DNA screening has proved its use in trace evidence identification but in some cases of wildlife artifacts it is difficult to isolate the DNA from hair shafts and even it is difficult to isolate adequate amount of DNA for screening from 1-2 hairs and also the main problem which persists in the DNA examination is that it is a destructive technique thus the evidence will get consumed, needs expertise and also not rapid and cost effective that SEM examination for analysis and can further be used for DNA screening.

Present study have been conducted to identify the differences between three closely related species of the felidae family those were having more than 80 percent of similarity in their scale pattern while the same study have not been tested with the forms of domestic cats as they shows a clear difference in their scale pattern and shows clear coronal scale pattern of the presence of cat hair. As domestic cats shows a clear shape of the hair scale pattern which can be easily differentiated from the Lion, leopard and Tiger hair scale although they are from the same family.

Conclusion

Although our studies were performed with a small sample size, our results are based on the morphology, elemental analysis and cuticular scale pattern of the hair obtained using most advanced investigational methods clearly shows the new finding previously not reported in identification of hair. Our study provides a clear and significant research results for the identification of closely related species on the bases of their scale layer difference and elemental analysis profile pattern.
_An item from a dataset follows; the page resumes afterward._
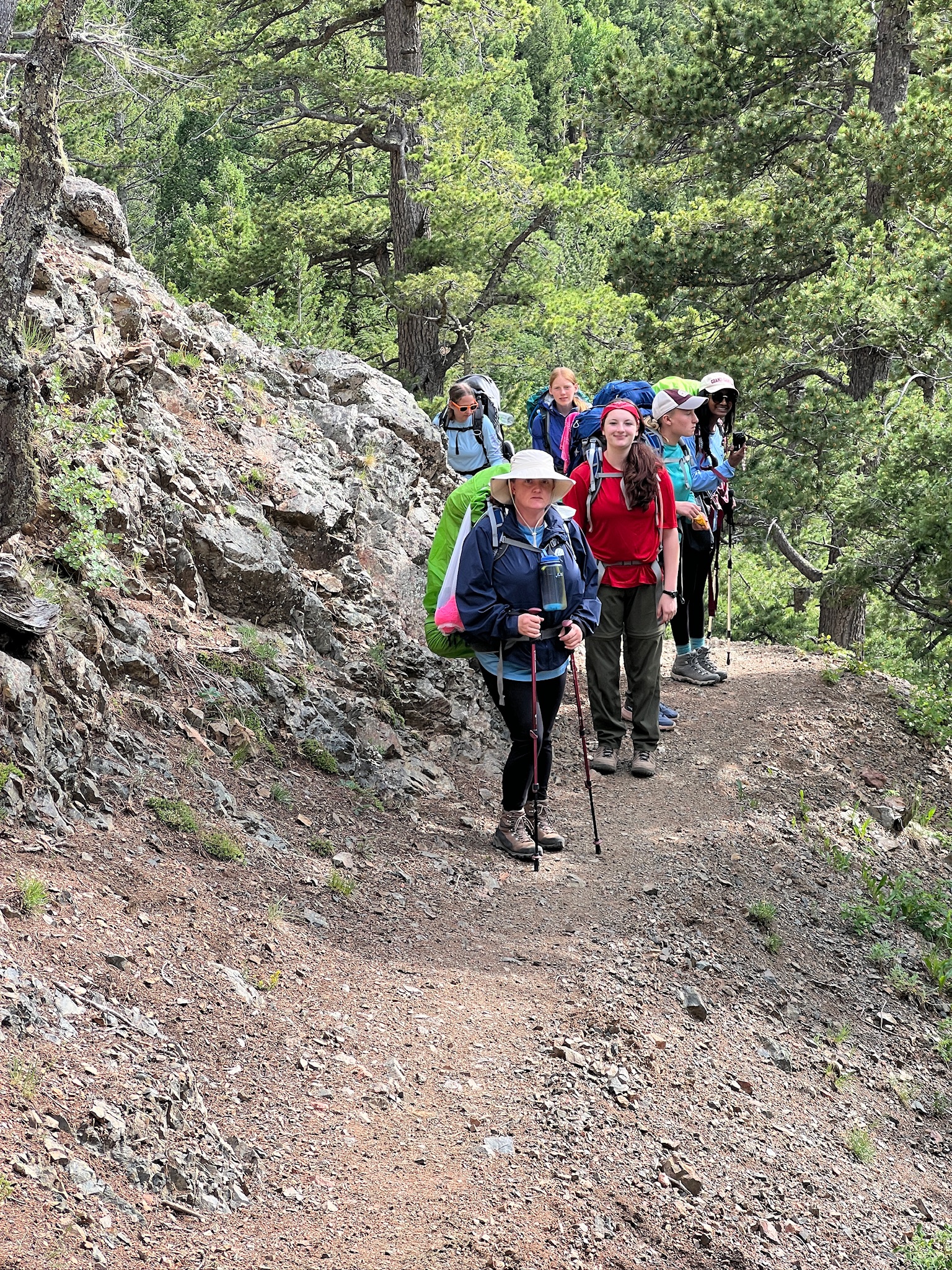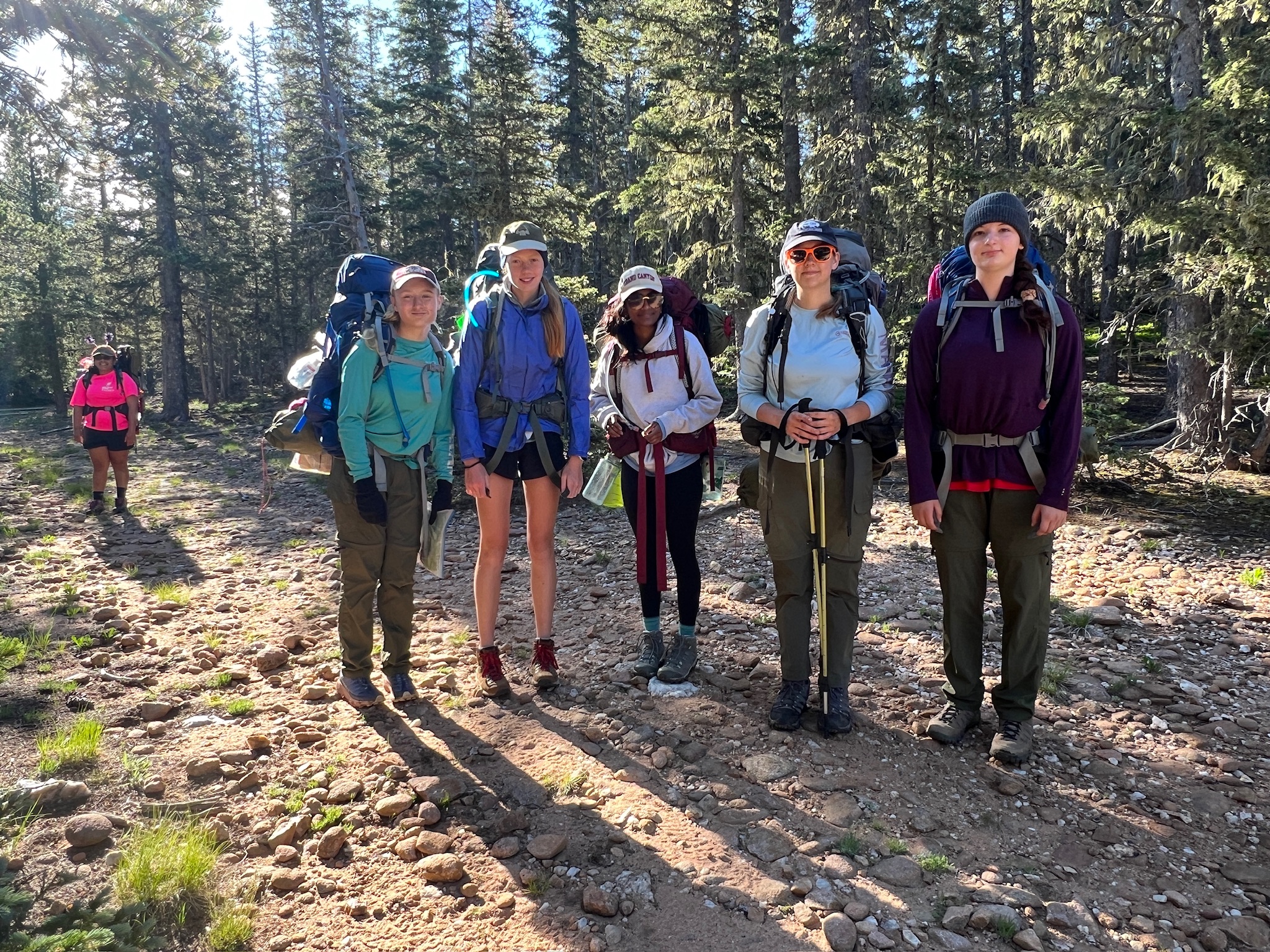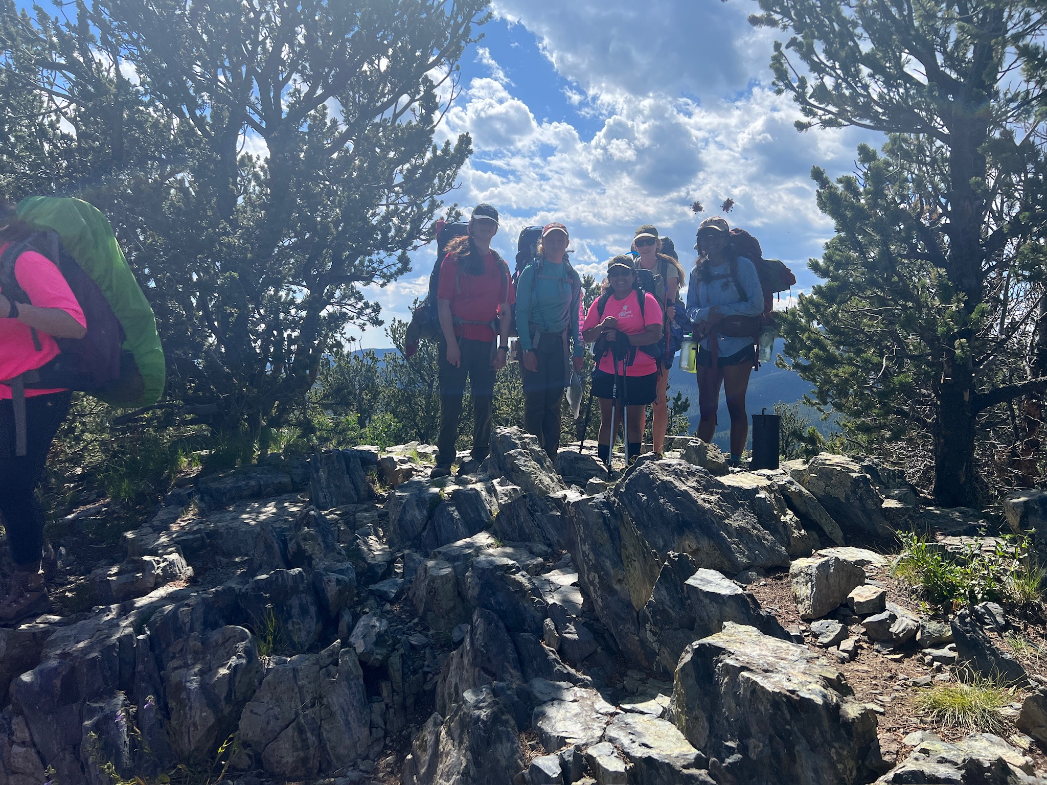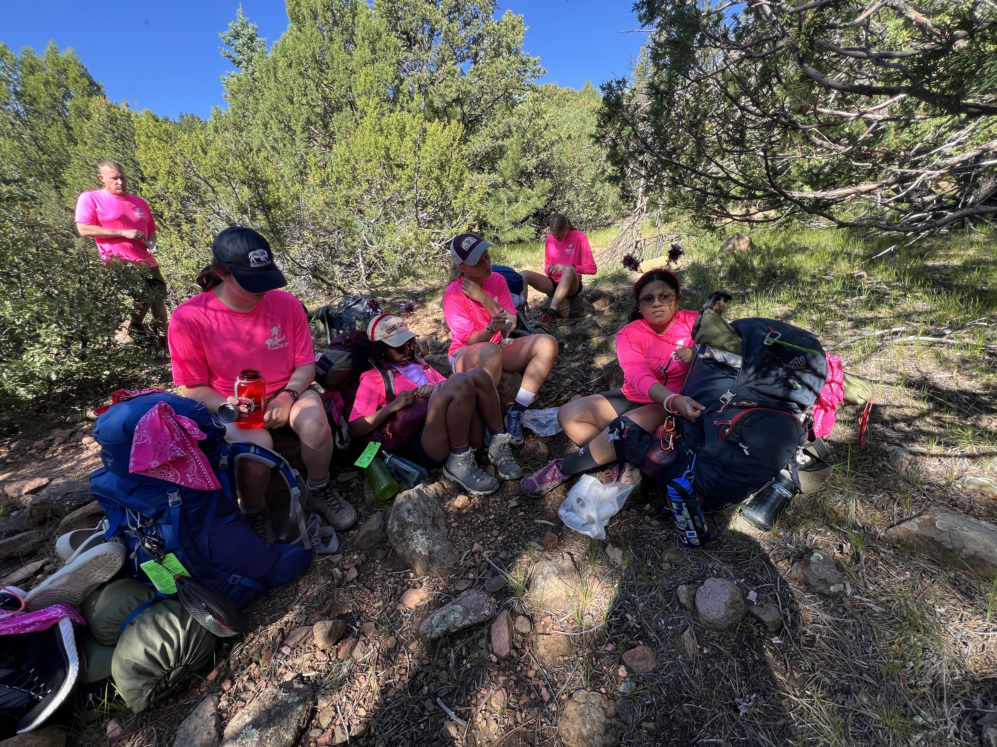 Close to the top, as we were done with our switchbacks, we took a 20min break, and had the wilderness pledge talk. We will reflect for a few minutes. It’s 10:30am. We are doing good on time, and the girls are quite motivated.

The second major conclusion of work is that it provides a vital information regarding identification of three different species from the Felidae family on the bases of their scale layer differentiation pattern whereas it was quite difficult to identify them on the bases of previously reported literature and provides a new area for the identification of hairs.

Acknowledgements

The authors are grateful to Mr. S. K. Goyal (Indian Forest Services), PCCF and Chief Wildlife Warden, Gujarat State for providing the permission of the research on Felidae animals, and to Mr. Sanjay Prajapati for providing SEM-EDS Services from Physics Division, Directorate of Forensic Sciences, Gujarat State. Gandhinagar, India.